In my ideas for The Cauldron design I've always seen an actual cauldron. In The Taiga Tarot version below you are looking down into the cauldron and seeing the wavy web/net/field that I always envision filling it. There's more on XXII and the meanings I've found for it after the design:
Design: The Cauldron is that out of which everything arises, and that to which it all returns, to rise again in new forms. The wavy lines are meant to represent what underlies and connects, and is the source and goal of all creation.
In Readings: (BTW, I have added XXII to every working deck I have. I use a black marker to print the name and number on one of the end cards that always come with a deck.) The Cauldron says that the situation is very amenable right now to influence on the subtle planes -- via magic, ritual, affirmations, prayer, etc. It can also indicate that a situation can go either way, or that it's not clear yet whether it will even manifest or not. XXII can very gently whisper "patience, patience, patience," things will be clearer in time. Negatively aspected -- though I've found it rarely shows in a negative light -- it can be saying things are hanging by a thread, balanced on a razor's edge, ready to boil over, about to implode, etc. I'd say the over-riding sense I have of this card is that as unclear and uncertain as things may seem, we still can have input. But subtly and with an ear to what is being asked of us and what is trying to come through us. I.e., not just what we want, but how we fit into the much larger picture. It tends to be an encouraging card. The clay has not been shaped, the cloth not yet spun. If we quiet ourselves and act in subtle and responsive ways, a shy and delicate strand of manifestation may come to us.
* BRIEF BACKGROUND ON THE TAIGA TAROT (Click here for additional background on the Taiga Tarot.):
When I decided the name of the deck would be The Taiga Tarot, I liked not only the alliteration but the resemblance of the word “taiga” to “tiger.” One of my power animals is the Siberian Tiger (and by extension, all tigers), which first appeared as three tiger kittens in a dream. What I had completely forgotten at the time was that the area of Siberia in which the tiger ranges is called “The Taiga”!

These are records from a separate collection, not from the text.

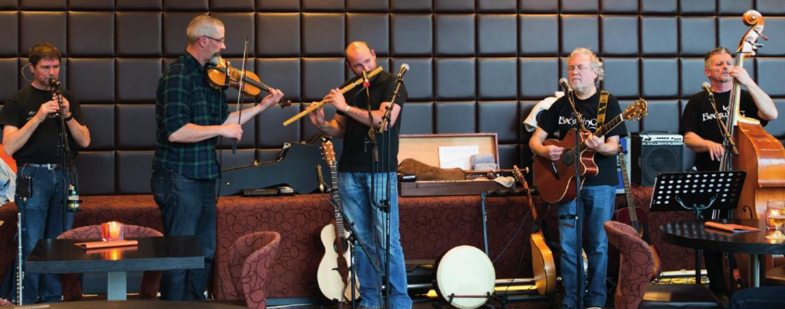
■ Botswing, Schots-Ierse ambientegroep uit Heusden-Zolder.
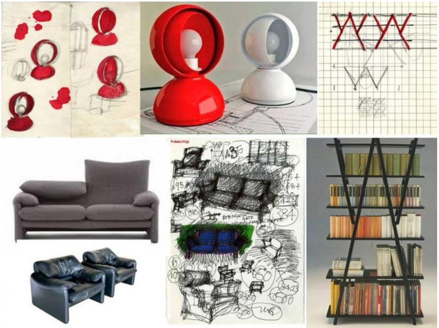
Vico Magistretti, schizzi per lampada Eclisse; lampada Eclisse (Artemide, 1965, Compasso d'Oro 1967); schizzo per libreria Nuvola Rossa, libreria Nuvola Rossa (Cassina, 1977); Poltrone e divano Maralunga (Cassina, 1973, Compasso d'oro 1979); schizzo di progetto per divano e poltrona Maralunga.
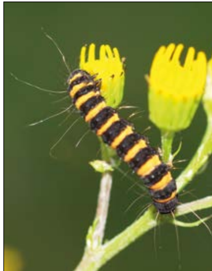
Abb. 20: Der Jakobskrautbär ( Tyria jacobaeae ) – gehört zu jenen Schmetterlingen, die giftige Pflanzen wie hier Greiskraut fressen, das Gift aufnehmen und das oft dann auch durch Warnfarben anzeigen – hier im Nationalpark Kalkalpen/Bodinggraben.

Der Vorteil, den giftige Organismen durch ihre Gifte haben, liegt auf der Hand: Gift schützt vor dem Gefressenwerden, erleichtert das Erlegen der Beute und es verhindert das Aufkommen von Konkurrenz. Besonders bittere oder giftige Pflanzen, wie etwa Orchideen, Enziane oder der Weiße Germer ( Veratrum album – Abb. 19) auf den Almen, werden von den Weidetieren gemieden und nicht gefressen. Im Laufe der Evolution haben sich verschiedene Pflanzen- und Tierfresser jedoch auf bestimmte Gifte oder Bitterstoffe eingestellt, Immunitäten konnten sich
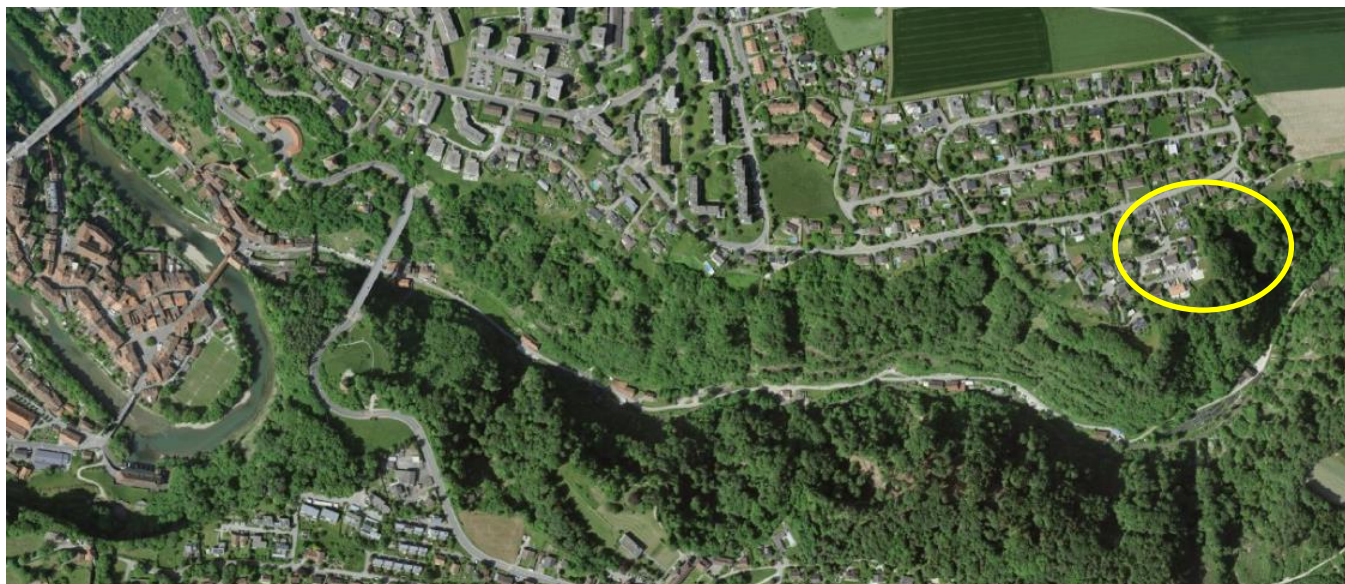
Plan de situation de l'étang du Gottéron (à gauche, le quartier de l'Auge)

Inspirés par les retransmissions radio des exploits de l'équipe suisse, ils jouaient déjà au hockey sur glace depuis deux ans sur l'étang de la pisciculture du Gottéron (étang du Gottéron).

A “taiga” (briefly put) is an illustrated tanka. A “tanka” is a mood poem written in five lines, that usually references natural images and human emotions. Also, there is often a contrast or conclusion or response in the last two lines to the first three. I recognize that the tanka/taiga I’m developing for The Taiga Tarot are non-traditional. As with the dream haiku I write, I am not only attempting to bridge two things – with this deck, Tarot and taiga – but also bringing my own experimental slant to it all.